§ **Directions for this task**
Your copy should repeat the data that follows exactly and contain no image.

§ **Information supplied**

>>>

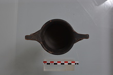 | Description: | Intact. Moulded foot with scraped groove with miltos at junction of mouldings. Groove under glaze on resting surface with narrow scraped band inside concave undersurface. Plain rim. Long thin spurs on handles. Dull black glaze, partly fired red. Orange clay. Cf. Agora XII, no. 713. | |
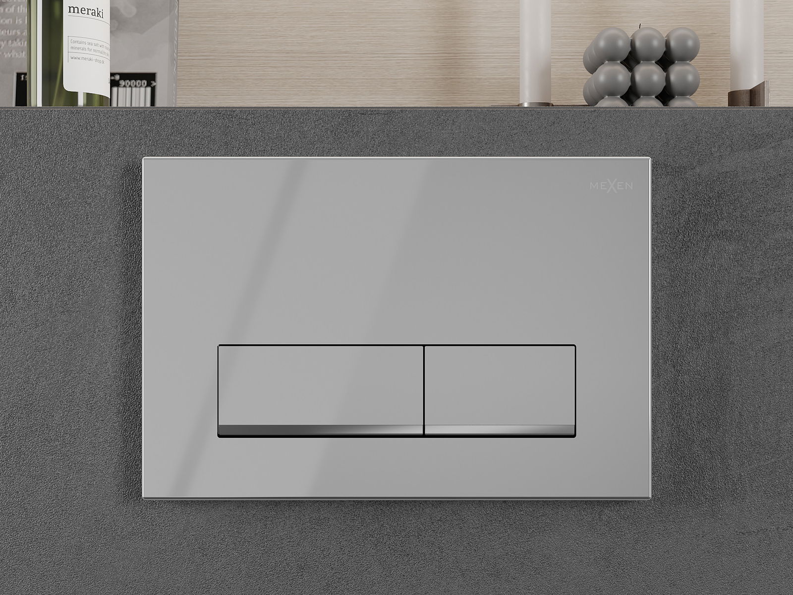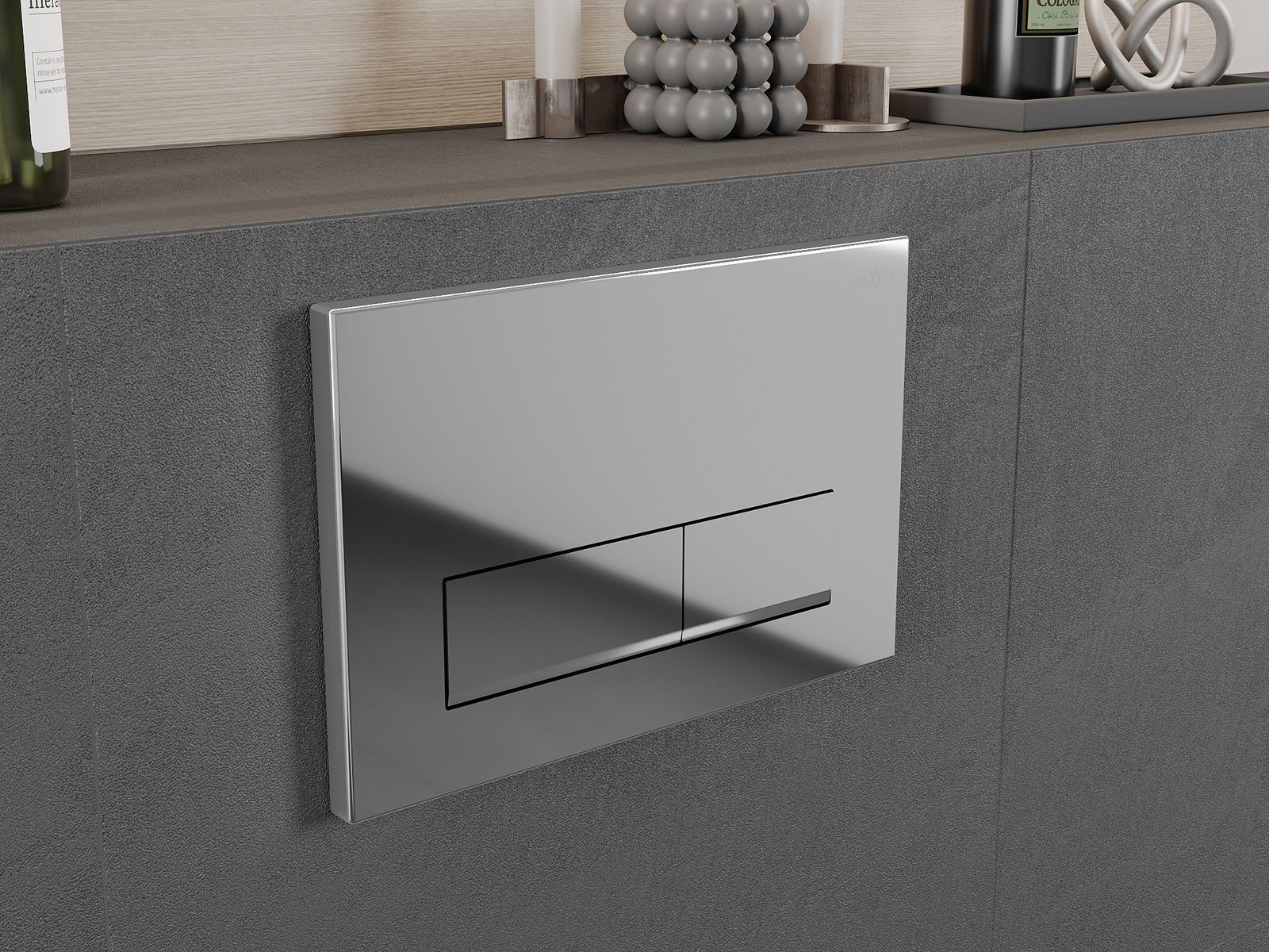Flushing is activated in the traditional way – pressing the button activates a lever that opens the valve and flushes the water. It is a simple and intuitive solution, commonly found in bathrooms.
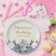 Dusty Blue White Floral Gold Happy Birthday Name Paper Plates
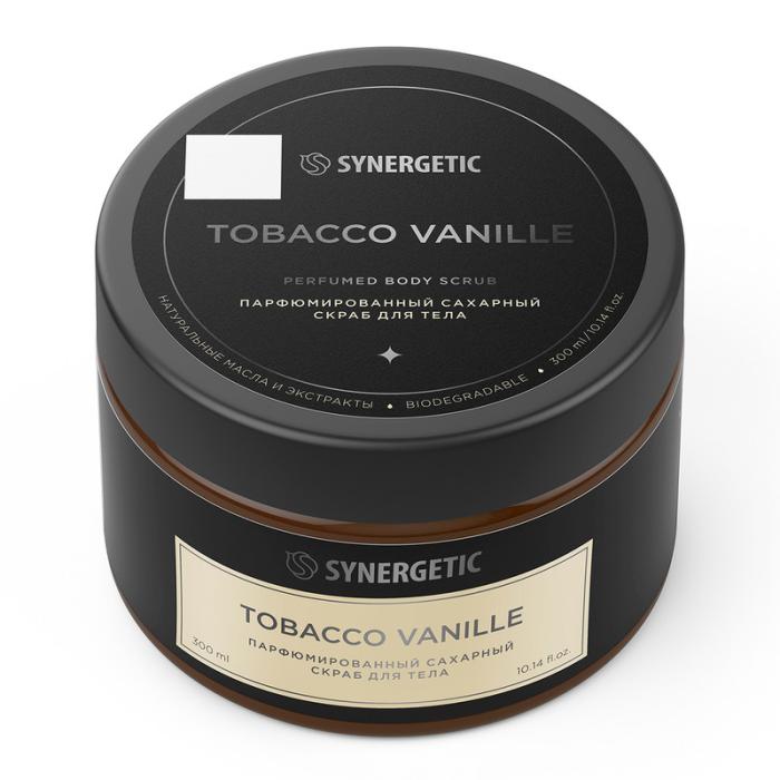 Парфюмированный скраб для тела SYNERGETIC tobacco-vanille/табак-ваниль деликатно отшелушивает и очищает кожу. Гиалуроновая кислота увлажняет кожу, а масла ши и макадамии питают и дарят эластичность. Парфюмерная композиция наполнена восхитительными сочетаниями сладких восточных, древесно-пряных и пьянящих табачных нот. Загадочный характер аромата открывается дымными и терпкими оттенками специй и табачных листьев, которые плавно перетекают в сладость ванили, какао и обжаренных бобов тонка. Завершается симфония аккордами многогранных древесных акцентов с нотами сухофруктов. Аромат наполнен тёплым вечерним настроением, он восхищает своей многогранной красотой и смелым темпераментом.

<<<

§ **Exercise solution**
 | Description: | Intact. Moulded foot with scraped groove with miltos at junction of mouldings. Groove under glaze on resting surface with narrow scraped band inside concave undersurface. Plain rim. Long thin spurs on handles. Dull black glaze, partly fired red. Orange clay. Cf. Agora XII, no. 713. | |
Flushing is activated in the traditional way – pressing the button activates a lever that opens the valve and flushes the water. It is a simple and intuitive solution, commonly found in bathrooms.
 Dusty Blue White Floral Gold Happy Birthday Name Paper Plates
 Парфюмированный скраб для тела SYNERGETIC tobacco-vanille/табак-ваниль деликатно отшелушивает и очищает кожу. Гиалуроновая кислота увлажняет кожу, а масла ши и макадамии питают и дарят эластичность. Парфюмерная композиция наполнена восхитительными сочетаниями сладких восточных, древесно-пряных и пьянящих табачных нот. Загадочный характер аромата открывается дымными и терпкими оттенками специй и табачных листьев, которые плавно перетекают в сладость ванили, какао и обжаренных бобов тонка. Завершается симфония аккордами многогранных древесных акцентов с нотами сухофруктов. Аромат наполнен тёплым вечерним настроением, он восхищает своей многогранной красотой и смелым темпераментом.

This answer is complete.